Article 6, Paragraph 1, Subparagraph A of the GDPR is the legal basis for the processing of personal data for which we have obtained consent. If the processing of personal data is necessary for the implementation of a contract to which the subject is a part, such as when the processing of personal data is necessary for the delivery of goods or services, the processing of personal data is based on Article 6, Paragraph 1, Subsection B of the GDPR. The same applies when processing personal data that is necessary to implement pre-contractual measures, for example in the case of inquiries related to products or services. If a legal or natural person is the subject of a legal obligation for which the processing of personal data is necessary, such as fulfilling tax obligations, the processing of personal data is based on Article 6, Paragraph 1, Subsection C of the GDPR. In rare cases, the processing of personal data is necessary to protect the interests of the data subject or some other natural person. For example, in the event that the respondent is injured while visiting the site of the owner of this website, personal information such as name, age, health insurance information or some other vital information will have to be forwarded to a doctor, hospital or a third party. Such data processing is based on Article 6, Paragraph 1, Subparagraph D of the GDPR. Finally, the processing of personal data can also be based on Article 6, Paragraph 1, Subparagraph F of the GDPR. This legal basis is used in personal data processing procedures when no previous legal basis is applicable, if the processing of personal data is necessary for the legitimate interests of the owner of the website Java promet d.o.o. or some third parties, except in situations where the stated interests threaten the basic rights and freedoms of the subject, and which require the protection of personal data. This kind of processing of personal data is especially allowed since it is specifically mentioned by the EU Legislation. It is envisaged that it is possible to invoke a legitimate interest if the subject is a client of the personal data processor.

10. LEGITIMATE INTERESTS OF PERSONAL DATA PROCESSOR OR THIRD PARTIES

In places where the processing of personal data is based on Article 6, Paragraph 1, Subparagraph F of the GDPR, the legitimate interest is business for the benefit of employees and/or shareholders, if these exist.

11. STORAGE PERIOD OF PERSONAL DATA

The criterion for determining the storage period of personal data is the maximum storage period determined by law. After this period, the personal data is routinely deleted, until it is no longer necessary to fulfill the contract or conclude it.

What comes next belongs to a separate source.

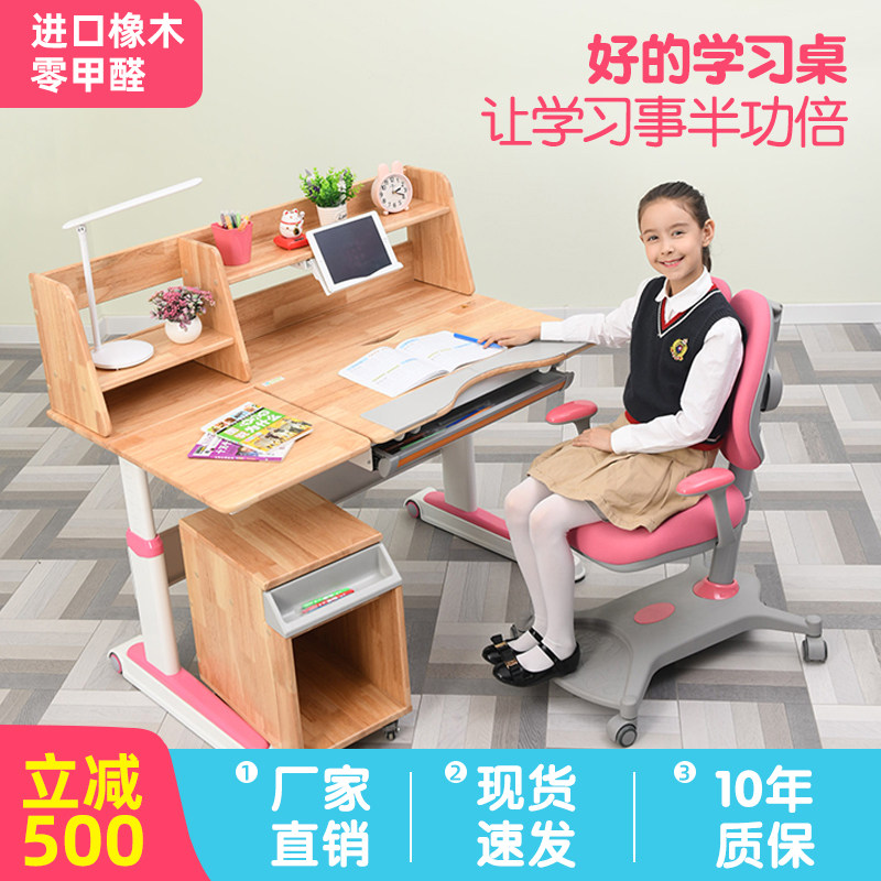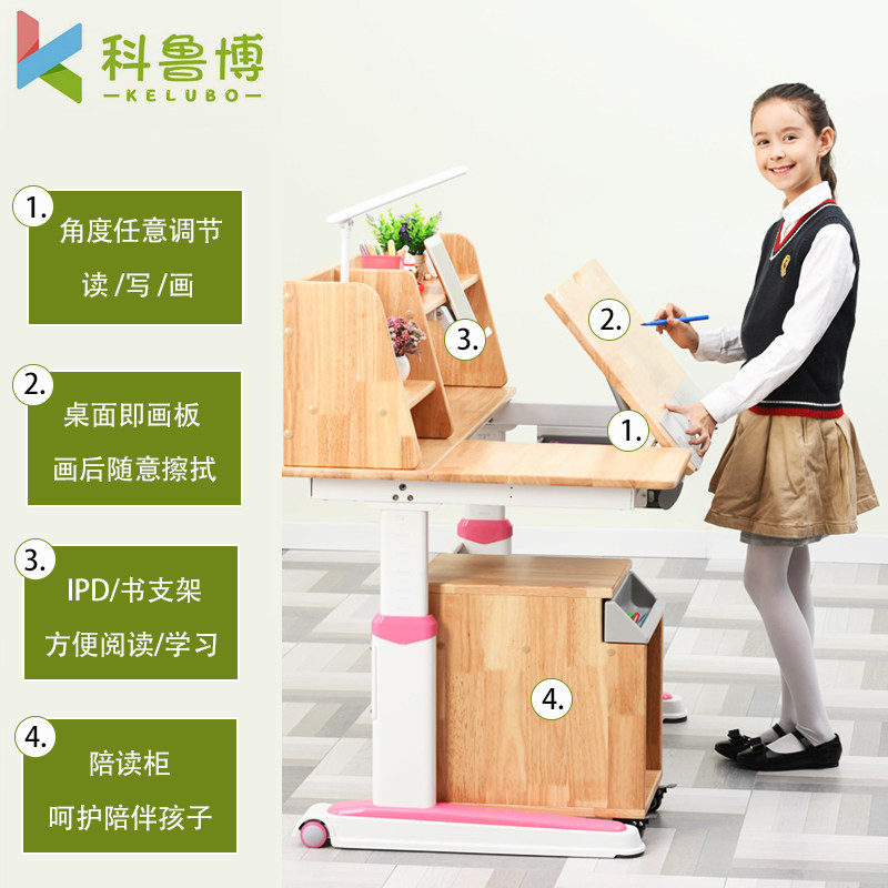 Kelubo children's study desk and chair multi-function can lift primary school desk and chair set children's solid wood study table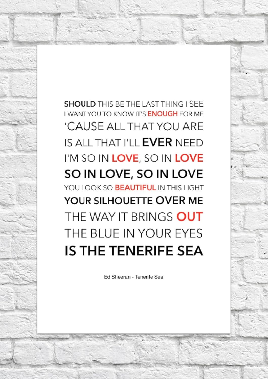 Amazon De Ed Sheeran Tenerife Sea Liedtext Gerahmt Personalisierbar Geschenk Zum Jahrestag from images-na.ssl-images-amazon.com You look so wonderful in your dress you look so beautiful in this light your silhouette over me the way it brings out the blue in your eyes it's the tenerife sea. Tenerife sea is a promotional single dropped from ed sheeran's second album. It was written by sheeran, johnny mcdaid of snow patrol, and foy vance, and produced by rick rubin. Discover more posts about tenerife sea. See more ideas about tenerife, tenerife sea, canary islands. Tenerife's sunny climate and rugged terrain make it popular among tourist. The way it brings out the blue in your eyes. The song was debuted on 29 october 2013, at madison square garden.

12. PROVIDING PERSONAL DATA AS A LEGAL OR CONTRACTUAL REQUIREMENT; PREREQUISITE FOR CONCLUSION OF CONTRACT; SUBJECT’S OBLIGATION TO PROVIDE PERSONAL DATA; POSSIBLE CONSEQUENCES IF PERSONAL INFORMATION IS NOT PROVIDED

We must clarify that the provision of personal data is partly prescribed by law (eg tax provisions) or may be the result of a contractual obligation (eg information about a contractual partner). Sometimes it is necessary to conclude a contract so that the subject provides personal data, which are then processed. The subject, for example, is required to provide personal data when with the owner of the website Java promet d.o.o. enters into a contract. Refusal to provide personal data will result in the impossibility of concluding a contract. Before the subject provides personal data, he will have to contact the owner of the website Java promet d.o.o.. He will then indicate to him whether the provision of personal data is legally or contractually necessary, i.e. whether it is necessary to conclude a contract, whether there is an obligation to provide personal data and finally the consequences if he refuses to provide personal data.

13. EXISTENCE OF AUTOMATED DECISION-MAKING PROCESS

As a responsible business partner, the website Java promet d.o.o. does not use an automated decision-making process, i.e. profiling.